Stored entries
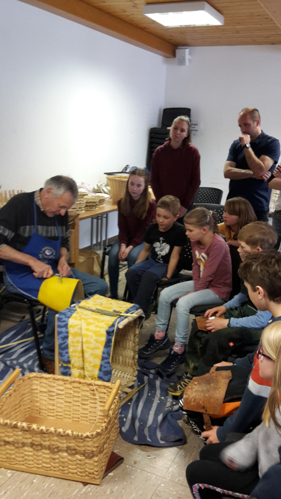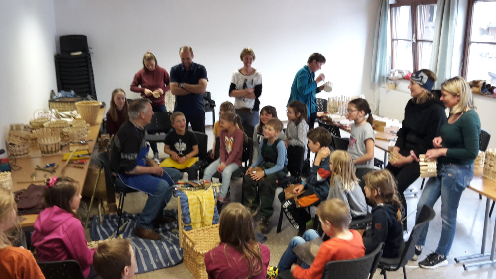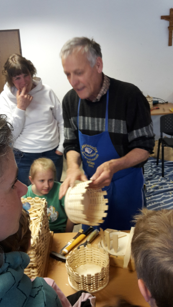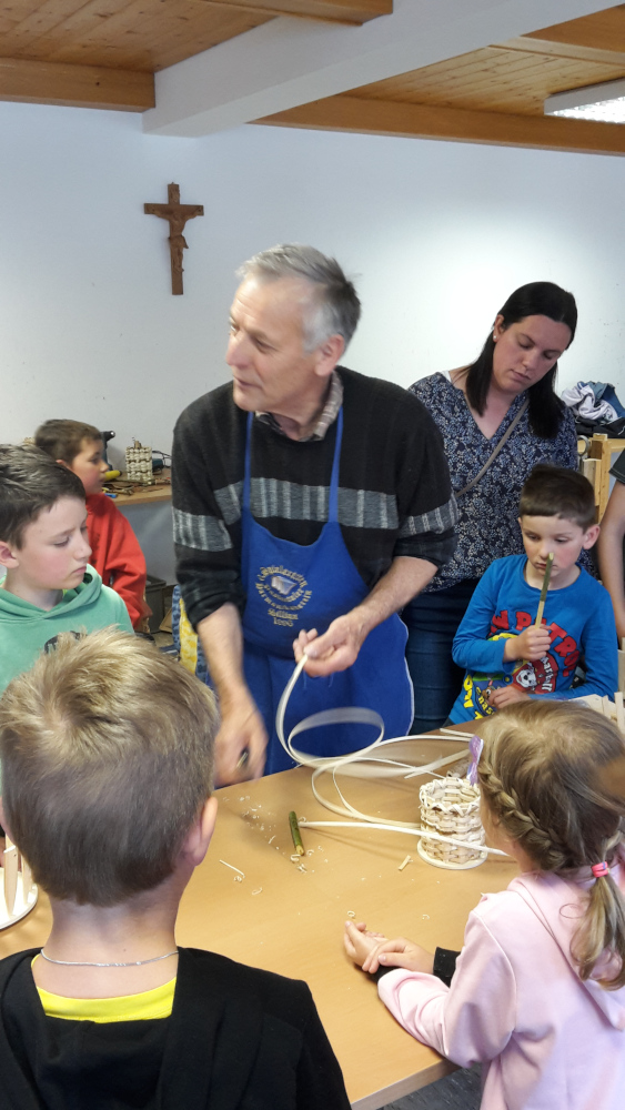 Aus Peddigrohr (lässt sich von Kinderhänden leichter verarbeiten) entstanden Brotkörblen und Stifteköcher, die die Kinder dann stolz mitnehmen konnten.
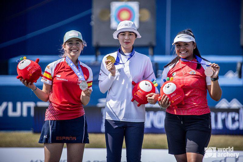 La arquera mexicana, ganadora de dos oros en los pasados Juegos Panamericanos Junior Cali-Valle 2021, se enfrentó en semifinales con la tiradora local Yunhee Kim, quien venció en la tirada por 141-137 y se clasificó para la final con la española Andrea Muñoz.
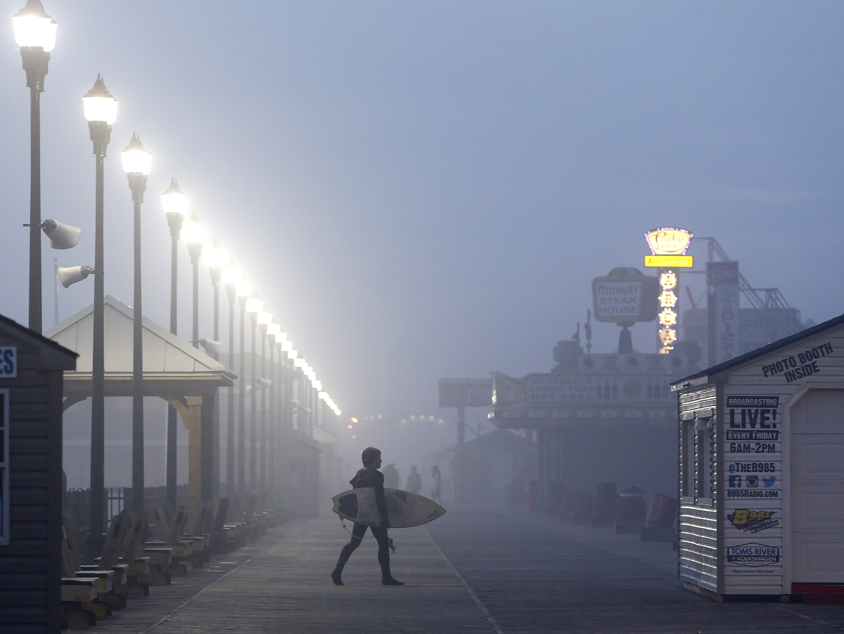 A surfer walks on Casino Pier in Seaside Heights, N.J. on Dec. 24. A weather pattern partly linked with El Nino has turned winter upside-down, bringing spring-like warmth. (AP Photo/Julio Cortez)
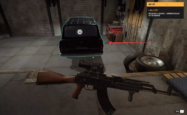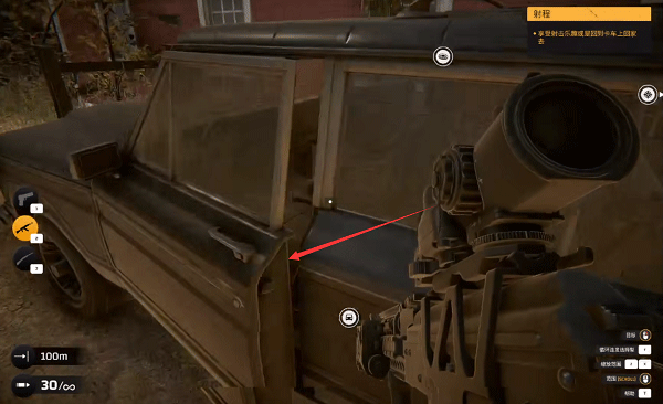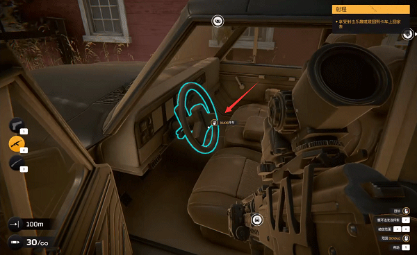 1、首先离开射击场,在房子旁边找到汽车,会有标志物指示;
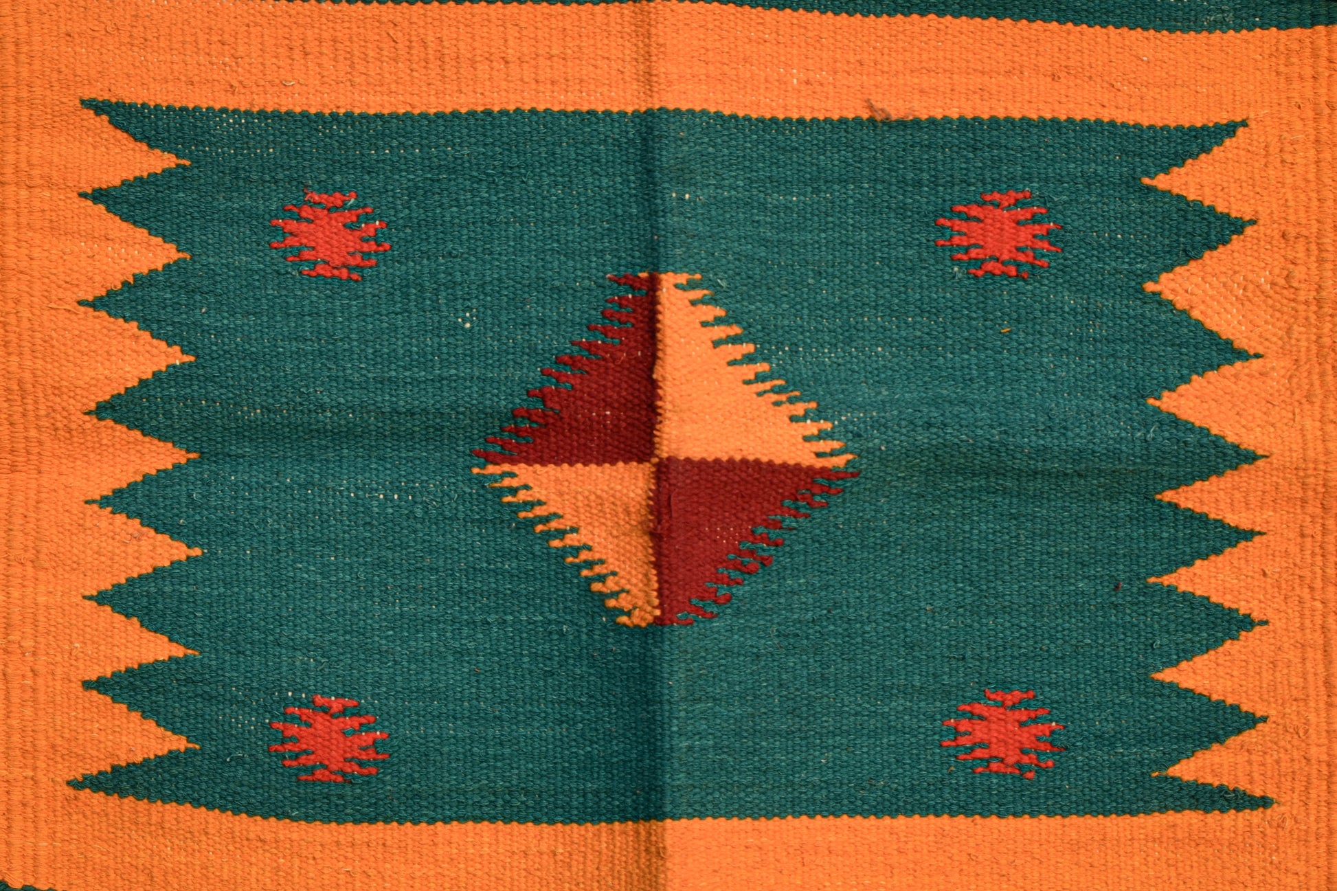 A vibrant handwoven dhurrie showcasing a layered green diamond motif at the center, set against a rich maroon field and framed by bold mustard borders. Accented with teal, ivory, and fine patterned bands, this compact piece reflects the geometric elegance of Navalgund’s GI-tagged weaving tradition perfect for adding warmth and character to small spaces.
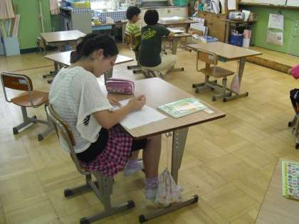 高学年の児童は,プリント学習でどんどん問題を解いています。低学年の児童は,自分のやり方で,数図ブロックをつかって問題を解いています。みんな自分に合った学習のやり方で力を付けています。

ASSIGNMENT - Exactly as given, transcribe every line of the data, but not its images.

TASK RESPONSE -
 Aus Peddigrohr (lässt sich von Kinderhänden leichter verarbeiten) entstanden Brotkörblen und Stifteköcher, die die Kinder dann stolz mitnehmen konnten.
 La arquera mexicana, ganadora de dos oros en los pasados Juegos Panamericanos Junior Cali-Valle 2021, se enfrentó en semifinales con la tiradora local Yunhee Kim, quien venció en la tirada por 141-137 y se clasificó para la final con la española Andrea Muñoz.
 A surfer walks on Casino Pier in Seaside Heights, N.J. on Dec. 24. A weather pattern partly linked with El Nino has turned winter upside-down, bringing spring-like warmth. (AP Photo/Julio Cortez)
 1、首先离开射击场,在房子旁边找到汽车,会有标志物指示;
 A vibrant handwoven dhurrie showcasing a layered green diamond motif at the center, set against a rich maroon field and framed by bold mustard borders. Accented with teal, ivory, and fine patterned bands, this compact piece reflects the geometric elegance of Navalgund’s GI-tagged weaving tradition perfect for adding warmth and character to small spaces.
 高学年の児童は,プリント学習でどんどん問題を解いています。低学年の児童は,自分のやり方で,数図ブロックをつかって問題を解いています。みんな自分に合った学習のやり方で力を付けています。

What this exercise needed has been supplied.